Belfast Telegraph

At least 60 people were abused by Provos, claims Mairia Cahill

By Niall O'Connor

IRA rape victim Mairia Cahill said she believes there are at least 60 other paramilitary sex abuse victims - many of whom have discussed with her the prospect of waiving their anonymity.

Ms Cahill has been in regular contact with the other victims who are considering whether to go public with their ordeals.

It is understood that a female victim who claims to have been raped and subjected to a ‘kangaroo court’-style interrogation is considering whether to go public in the coming days.

Ms Cahill said she has personally advised IRA abuse victims not to go public due to the abuse she received online.

“I would never wish my treatment on anybody.

“I would never push or assert that anybody would waive their anonymity or do it through the media,” Ms Cahill told an Irish radio show.

Ms Cahill, from west Belfast, was raped by a suspected senior IRA figure when she was 16.

The latest victim to speak publicly, Paudie McGahon, said that Ms Cahill’s decision to waive her anonymity inspired him to also do so.

Asked whether she believes Sinn Fein president Gerry Adams could determine the whereabouts of Mr McGahon’s abuser, Ms Cahill replied: “Absolutely. In a heartbeat. In the click of a finger.”

Ms Cahill said she estimates there are about 40 abusers still at large and at least 60 victims.

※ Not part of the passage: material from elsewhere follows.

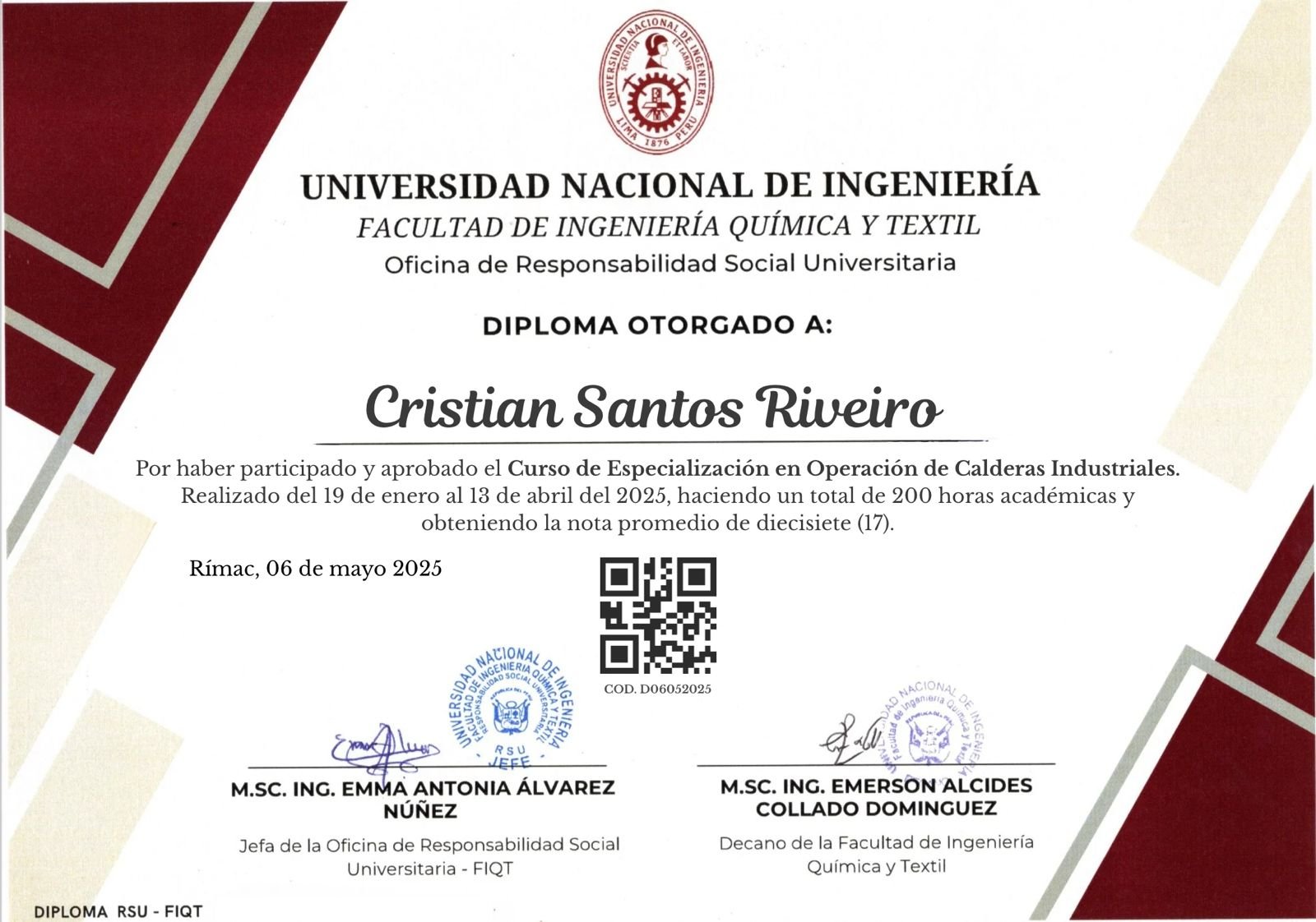 Todos nuestros cursos y especializaciones estan certificados por la Facultad de Ingeniería Quimica y Textil de la Universidad Nacional de Ingeniería - UNI que cuenta con licenciamiento de la SUNEDU.

Meanwhile, a woman’s aid group has claimed that the controversial ‘kangaroo courts’ are still being used to deal with allegations of sexual violence in Northern Ireland.

Marie Brown, director of Foyle Women’s Aid in Derry, expressed deep concern about the impact such interrogations have on victims.

She said there was an issue of individuals getting involved in “domestic and sexual violence in communities” and that this must be addressed.

“I do still think there is an active part of getting involved in domestic and sexual violence in communities in the north.

“I don’t know what’s going on in the south, but I can say it’s wrong and it’s not in the interest of any victim for that to happen.

“They should have proper services and be able to come forward to people services,” Ms Brown said. Acting director of the Rape Crisis Network, Cliona Saidlear, said elements of the Paudie McGahon case were disturbing, particularly the allegation that the victim was subjected to a kangaroo court.

“It’s important to examine how this impacted on the survivor.”

She added: “Was it something the survivor needed?

“Was it supportive? Did he request it?

“The answer to all those questions is ‘no’,” she said.

  • If you have been affected by any of the issues, Foyle Women’s Aid is available on 028 7141 6800. The Rape Crisis and Sexual Abuse Centre in Belfast is at 028 9032 9002.

Background

Last year Belfast woman Mairia Cahill made similar allegations against the republican movement.

The 33-year-old claimed she was attacked as a teenager in 1997 by a well-known IRA member. She said that paramilitaries conducted their own inquiry into her account, subjecting her to interrogation and forcing her to confront her alleged attacker.

The man who she accused of rape was cleared in court after Ms Cahill withdrew her evidence and charges were dropped against those allegedly involved in the IRA’s internal investigation.